**Exercise**
Copy the listing as it is written, and leave each picture out.
Raw data Start Marker
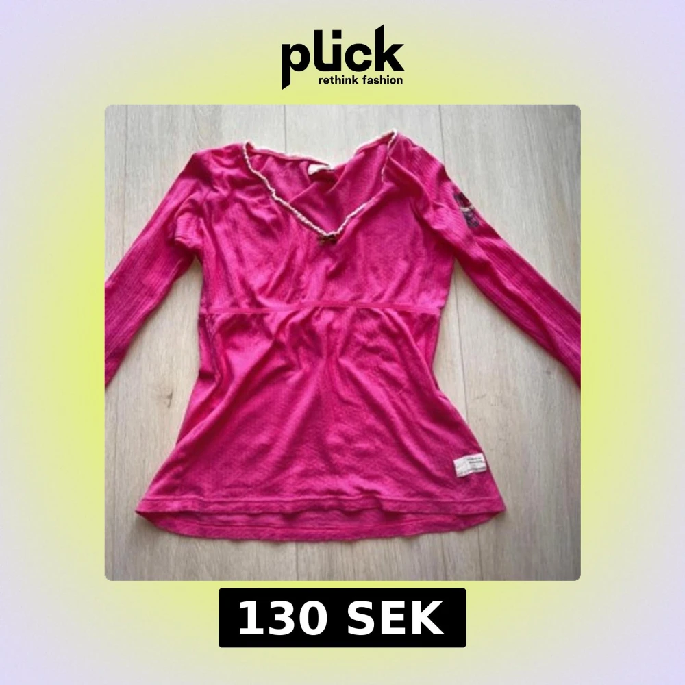 Säljer en rosa långärmad topp med v-ringad hals och dekorativt broderi på ärmen. Toppen har en lätt figurnära passform och råa kanter vid halsen. Perfekt för dig som vill sticka ut lite extra.
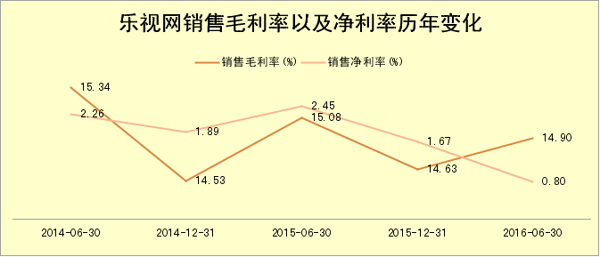 毛利率方面,乐视的数据基本与前期持平。数据显示,2016年上半年度乐视的毛利率为14.9%,去年同期以及2015年全年毛利率分别为15.08%以及14.63%。但是变化较为明显的是净利率指标。相比去年同期2.45%的净利率,今年上半年度的净利率仅为0.8%,同比下降了1.65个百分点,下降比例超过67%。
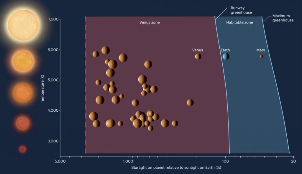 This figure from the research represents the Venus zone and the habitable zone as a function of stellar effective temperature and insolation flux received by the planet. The Venus zone is shaded in red, and the habitable zone is in blue. The images on the left show main sequence stars of various effective temperatures. The images of Venus indicate the location of Kepler candidates that lie within the Venus zone, scaled by the size of the planet. The Solar System planets of Venus, Earth and Mars are also shown. Image Credit: Habitable Zone Gallery/Chester Harman; Planets: NASA/JPL. Kane and Byrne, 2024.
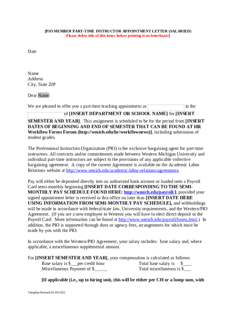 - Find the NON-PIO MEMBER PART-TIME INSTRUCTOR - Western Michigan University form in PDFfiller’s catalogue.
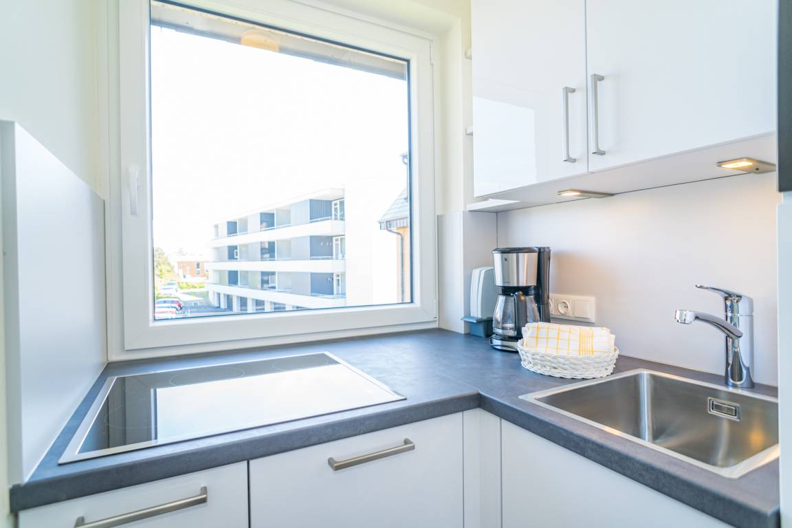 Die offene, neu gestaltete Einbauküche mit Fenster ist mit einem 4-Platten-Ceranfeld, einer Backofen-Mikrowellen-Kombi, einem großzügigen Kühlschrank mit 3-Sterne-Gefrierfach und einer Geschirrspülmaschine ausgestattet. Zur Grundausstattung zählen zudem eine Kaffeemaschine (auch für Kaffeepads geeignet), ein Wasserkocher, ein Toaster und sämtliches Küchenzubehör.
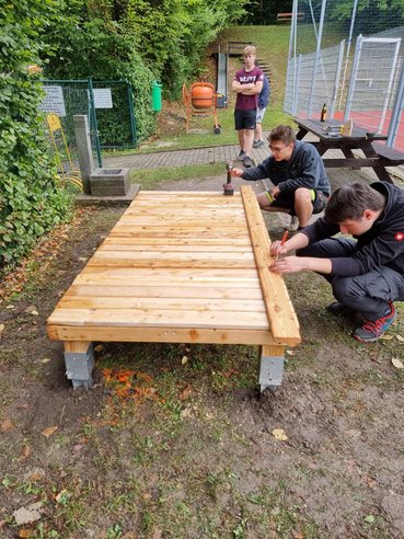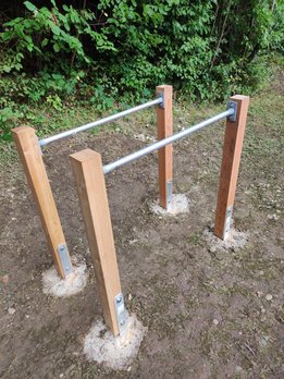 Heute rückten die Agenten aus, das bereitgestellte Material lag schon einsatzbereit am Schauplatz. Ohne Zögern begannen die Arbeiten am Agentenpodest, das als zentrale Kommando-Basis dienen wird. Parallel dazu wurde der Balance-Weg präzise ausgerichtet – eine geheime Trainingsstrecke für Körperkontrolle und Geschick. Auch die Dipstange, bekannt als Kraftstation der Agenten, wurde erfolgreich montiert und in Position gebracht.
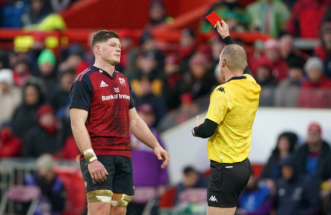 “My gut feeling is no. Discipline and red cards have always been part of the game. The Munster game at the weekend: if Jack O’Donoghue doesn’t give away a red card and Munster win that game by 40 points, which they’re coasting to do, and he gets disciplined afterwards . . . it takes a bit of the jeopardy out of the game. …. Surely the idea of being given a red card on the day and costing your teammates on the day should be a bigger factor than being dealt with on a Tuesday or Wednesday, and you’ve got the win.”
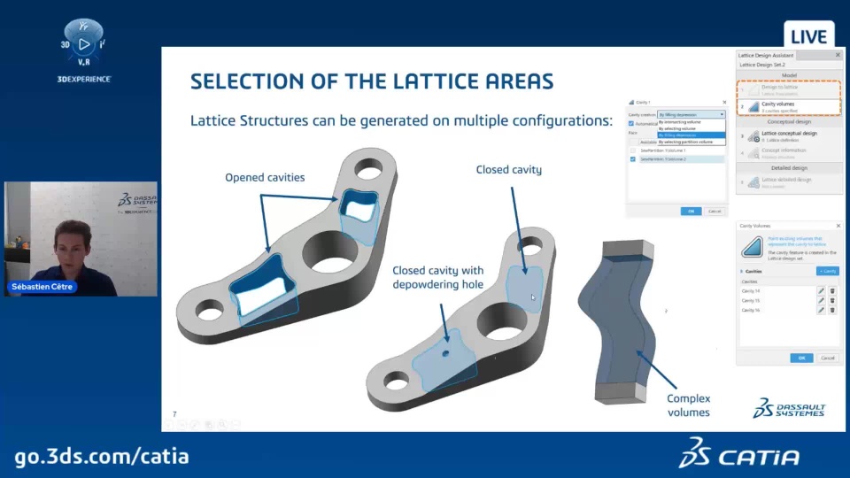 A Lattice is a simple shape pattern replicated in different directions. A designer can fill certain regions of the design with a Lattice to improve the performance of the design. Lattice Designer Role is available with Engineering Exper role (U2D) Lattice Design app will enable the adoption of lattice structure in high performance parts, providing conceptual and detailed 3D Lattice modeling capacities seamlessly integrated with structural validation, and outputting 3D Printers and readable formats. The Lattice Design Assistant in the app guides you through the process of the lattice design. It helps you navigate through all different steps from defining the body to lattice, the cavities, launching lattice conceptual design, and validating the design. Please view DETAILED WEBINAR below for more information: |
Raw data End Marker
**Solved exercise**
 Säljer en rosa långärmad topp med v-ringad hals och dekorativt broderi på ärmen. Toppen har en lätt figurnära passform och råa kanter vid halsen. Perfekt för dig som vill sticka ut lite extra.
 毛利率方面,乐视的数据基本与前期持平。数据显示,2016年上半年度乐视的毛利率为14.9%,去年同期以及2015年全年毛利率分别为15.08%以及14.63%。但是变化较为明显的是净利率指标。相比去年同期2.45%的净利率,今年上半年度的净利率仅为0.8%,同比下降了1.65个百分点,下降比例超过67%。
 This figure from the research represents the Venus zone and the habitable zone as a function of stellar effective temperature and insolation flux received by the planet. The Venus zone is shaded in red, and the habitable zone is in blue. The images on the left show main sequence stars of various effective temperatures. The images of Venus indicate the location of Kepler candidates that lie within the Venus zone, scaled by the size of the planet. The Solar System planets of Venus, Earth and Mars are also shown. Image Credit: Habitable Zone Gallery/Chester Harman; Planets: NASA/JPL. Kane and Byrne, 2024.
 - Find the NON-PIO MEMBER PART-TIME INSTRUCTOR - Western Michigan University form in PDFfiller’s catalogue.
 Die offene, neu gestaltete Einbauküche mit Fenster ist mit einem 4-Platten-Ceranfeld, einer Backofen-Mikrowellen-Kombi, einem großzügigen Kühlschrank mit 3-Sterne-Gefrierfach und einer Geschirrspülmaschine ausgestattet. Zur Grundausstattung zählen zudem eine Kaffeemaschine (auch für Kaffeepads geeignet), ein Wasserkocher, ein Toaster und sämtliches Küchenzubehör.
 Heute rückten die Agenten aus, das bereitgestellte Material lag schon einsatzbereit am Schauplatz. Ohne Zögern begannen die Arbeiten am Agentenpodest, das als zentrale Kommando-Basis dienen wird. Parallel dazu wurde der Balance-Weg präzise ausgerichtet – eine geheime Trainingsstrecke für Körperkontrolle und Geschick. Auch die Dipstange, bekannt als Kraftstation der Agenten, wurde erfolgreich montiert und in Position gebracht.
 “My gut feeling is no. Discipline and red cards have always been part of the game. The Munster game at the weekend: if Jack O’Donoghue doesn’t give away a red card and Munster win that game by 40 points, which they’re coasting to do, and he gets disciplined afterwards . . . it takes a bit of the jeopardy out of the game. …. Surely the idea of being given a red card on the day and costing your teammates on the day should be a bigger factor than being dealt with on a Tuesday or Wednesday, and you’ve got the win.”
 A Lattice is a simple shape pattern replicated in different directions. A designer can fill certain regions of the design with a Lattice to improve the performance of the design. Lattice Designer Role is available with Engineering Exper role (U2D) Lattice Design app will enable the adoption of lattice structure in high performance parts, providing conceptual and detailed 3D Lattice modeling capacities seamlessly integrated with structural validation, and outputting 3D Printers and readable formats. The Lattice Design Assistant in the app guides you through the process of the lattice design. It helps you navigate through all different steps from defining the body to lattice, the cavities, launching lattice conceptual design, and validating the design. Please view DETAILED WEBINAR below for more information: |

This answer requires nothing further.